Thursday, September 23, 2010

I am hating this new blogger interface.

My new baby!

As I write this, 4 o'clock on the second day of autumn, it is 98º outside. There are farmers in their fields, harvesting their corn and soybeans and kicking up dust and plant particles into the atmosphere, and these tiny bits of crap are finding their way into my house and onto my skin. (I don't fault the farmers. Please, no hate mail.) My skin is in flat out rebellion, I tell ya. Every year, my allergic dermatitis gets worse. This year, it's my knuckles that are red and flaky and itchy, in addition to all of the old red, flaky and itchy places: wrists, ankles, top of foot, odd places on my fingers, and elbows. The non-permanent irritations have been on my hips, front thighs, and shins. Least my face is still purty.

So far.

We are lucky here in Lovely LAconia, in that we have had almost an inch of rain in the last two weeks.
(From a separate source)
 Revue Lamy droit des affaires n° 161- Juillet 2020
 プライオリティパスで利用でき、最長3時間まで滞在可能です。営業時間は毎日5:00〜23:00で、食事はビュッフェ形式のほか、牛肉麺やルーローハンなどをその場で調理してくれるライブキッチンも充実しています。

My friend in the next county to my west said they have not had rain for six weeks. Lucky, too, in that there is a front moving through this weekend which may bring rain, but will assuredly bring us our normal seasonal temperatures of 78º daytime and 50-something at night by Saturday.

One more day.

Also? My new sewing machine arrived late Monday, the last delivery from a huge FedEx truck. Thank goodness I am married to a mechanic, because the thing needed to be assembled and fine-tuned and I couldn't even loosen a bolt myself. (Couldn't even find where he hides his ratchets and sockets and pliers.) (Because, of course, all of my tools have migrated to better pastures.) And thank goodness I had another machine, set in an industrial table, to use as a go-by. I pity the poor homesewer that gets one of these and doesn't have the hand strength or a handyman handy, as there were no assembly instructions. At all. My one complaint.

What can I say? I love this machine! I read as many reviews as I could find before and after I ordered this one, and one of the complaints was the noise of the one horsepower clutch motor. Noise? To me, that sound is as sweet as any Beethoven symphony! Ooooh, the power! She is mine! Bwahaha!

And the table is too big. Well, yeah. It's a big powerful machine in an industrial table.

And it goes too fast! Excuse me? Then why did you buy this one in the first place?

I hate having to stop and wind bobbins in the middle of my project! You can wind a bobbin as you sew, knucklehead!

The stitches are perfect, and at 2000 stitches a minute, just fine for my needs. Straight stitch and zigzag, with 5! needle positions. I love that I can backstitch at speed and not break a needle. This machine is manufactured in Thailand with Swiss-made parts. It is labeled as a TacSew. I saw Bernina Tacsews, the exact same machine, for sale online for $3400. I paid about $1700 less than that. (You do the math.) Yet mine still came with the Bernina guarantee and the Bernina brochure.) I am looking forward to working on this baby for many, many years to come.

Of course, I wish I could have bought this machine 20 years ago and know that it was made in Switzerland, but times change and this is the world I live in now.